Well, I was going somewhere with this after all. Our expectations in life when talking about buying an LCD television simply cannot be linked to an educational experience. It is the sum of much more than the whole. A mature student expects that his £500 a year to gain a trade qualification is a lot of money and demands premium experiences because of the outlay. It seems that £500 a year to many people wanting to train is apparently extremely expensive. When compared to everyday life, I suspect that the same individual that thinks £500 is a lot of money for a course that will change their life forever, doesn’t think that paying £900 for a plasma television is a lot of money. They may think that the holiday to Majorca costing £500 is excellent value for money but they won’t think to compare this to an educational experience, an experience that really will have an impact on them and their families’ future.

In truth, that £500 a year is merely chicken feed, a token payment, it barely covers the wage demands of the people delivering, administering, registering and running the course they have enrolled on yet alone the amount of material used every year. One course alone, popular amongst private training providers’, costs £200 just to simply register the student with the awarding body. When you actually break down what you get for your money, you realise it is extremely good value for money.

So what do you expect for your money and how much does a quality education actually really cost?

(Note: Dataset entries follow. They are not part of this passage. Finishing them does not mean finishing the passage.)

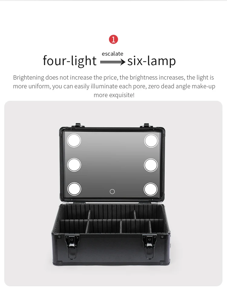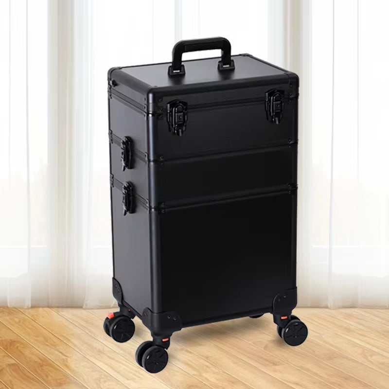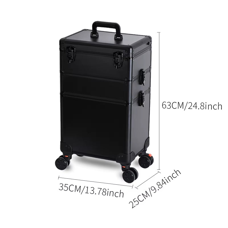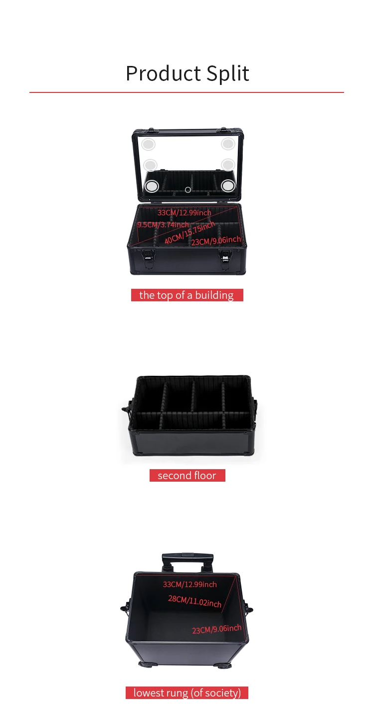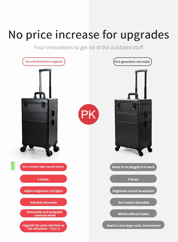 Professional Makeup Organizer Luggage with Led Lights Mriror - Large Cosmetic Trolley, Salon & Barber Case Rolling Cart for Hairstylists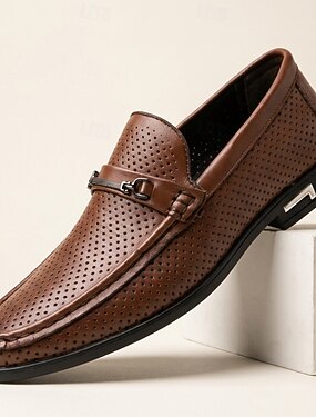 Мужские коричневые перфорированные лоферы без шнурков, деловые, повседневные, дышащие, удобные для ходьбы, подходят для офиса, повседневной носки, путешествий, встреч, выходных и создания элегантного мужского стиля.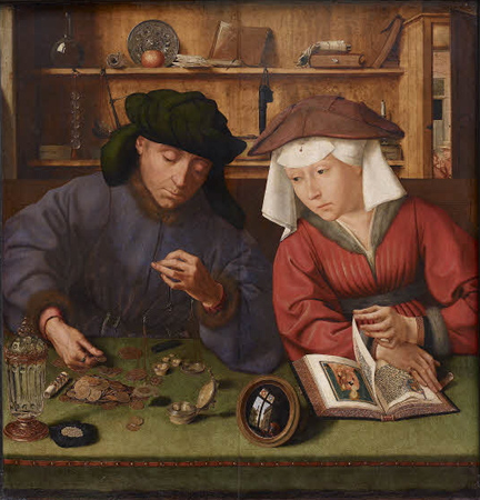 Le tableau est aujourd'hui plus volontiers nommé le peseur d'or et sa femme mais aussi prêteur et sa femme ou même Le changeur d'argent et sa femme. La ville d'Anvers connaît à cette époque une activité commerciale considérable et devient rapidement le principal lieu d'échange entre le Nord et le Sud. On y croise des marchands portugais et espagnols ainsi que les puissants banquiers italiens. Cette activité frénétique fait de la ville le centre financier le plus important d'Europe. La conséquence de la présence d'une communauté internationale de marchands utilisant diverses monnaies est l'ouverture de nombreuses boutiques de changeurs et de prêteurs dans les lieux les plus fréquentés par les étrangers, comme Bruges et surtout Anvers.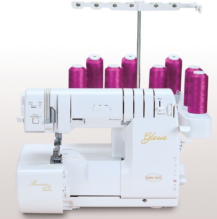 Gloria represents the pinnacle of this Baby Lock ingenuity. Gloria combines RevolutionAir™ Looper and Needle Threading, Tubular Loopers and the Automatic Thread Delivery System (ATD) with the full suite of innovative features you’ve come to expect from Baby Lock.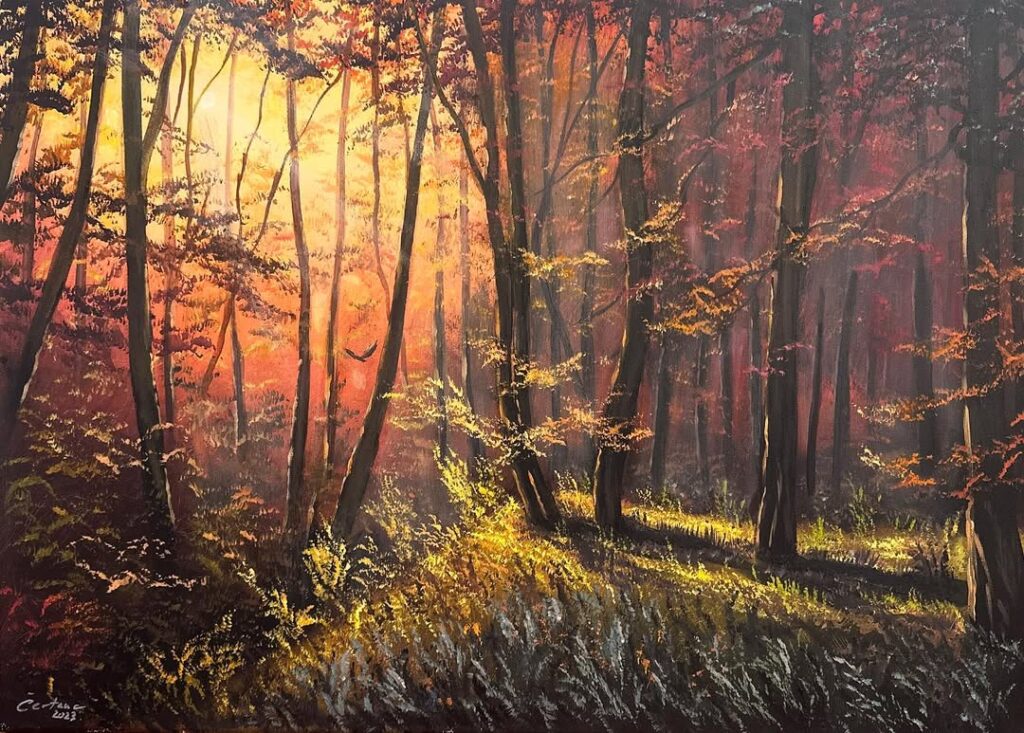 Čertanc doesn’t just paint landscapes; he enters them. Through his use of soft light, delicate tones, and dreamlike space, his paintings hold the calm of distant places and the pull of memory. They carry the kind of silence that feels alive the stillness before dawn, the breath between thoughts. His art reminds us that landscape is not only what we see outside, but something we carry within.

Well, when paying the sort of fees that colleges are charging for a course you should put your expectations somewhere amongst the cheap package holiday to Majorca level. You’ll ultimately get your qualification from the course but you need to put in a lot yourself to meet the required level of competence. If you get an excellent tutor, then you can compare this to getting additional legroom on a cheap flight, or an upgraded hotel room for free on arrival in Majorca. When paying some of the rather more exorbitant fees of private training providers, then you can start to expect the level of service that comes from a premium package, akin to that of the two weeks in the Maldives. You have a much greater right to expect a better service when spending £4500 on a course at a private provider compared to £500 at a college.

The real conclusion

Next time you complain that your lecturer didn’t quite get a particular point across, has a strict and disciplinarian approach to class management, wasn’t quite on the ball during today’s lesson or got something wrong in class, remember your expectations and manage them accordingly. The next time you get a survey to complete about your experience on a course, think before filling it out, don’t whinge and complain like so many of us in today’s society seem to want to do today. There are many students who do act and respond in an intelligent way, they may well have important concerns and as long as they approach it in the right way, we as tutors, course managers and department managers will listen and try to act accordingly. We only have the interests of the students at the end of the day.

An electrician willing to enter the teaching game is very hard to find, an experienced electrical lecturer is extremely difficult to persuade to work for you and an experienced and excellent electrical lecturer with a good reputation comes about as often as Halley’s Comet. If out of three lecturers over three years you have one average one, one good one and one excellent one, you are doing extremely well in the scheme of things. If you continue to complain about the trivialities then remember one thing, we may be teaching at the moment, but we are all really just humble electricians under that shirt, tie and name badge, we’ll simply get fed up and go back on the tools, leaving the chancers, the retirees and the downright crap lecturers behind to train the next generation of electricians. Then believe me, you will really have something to complain about.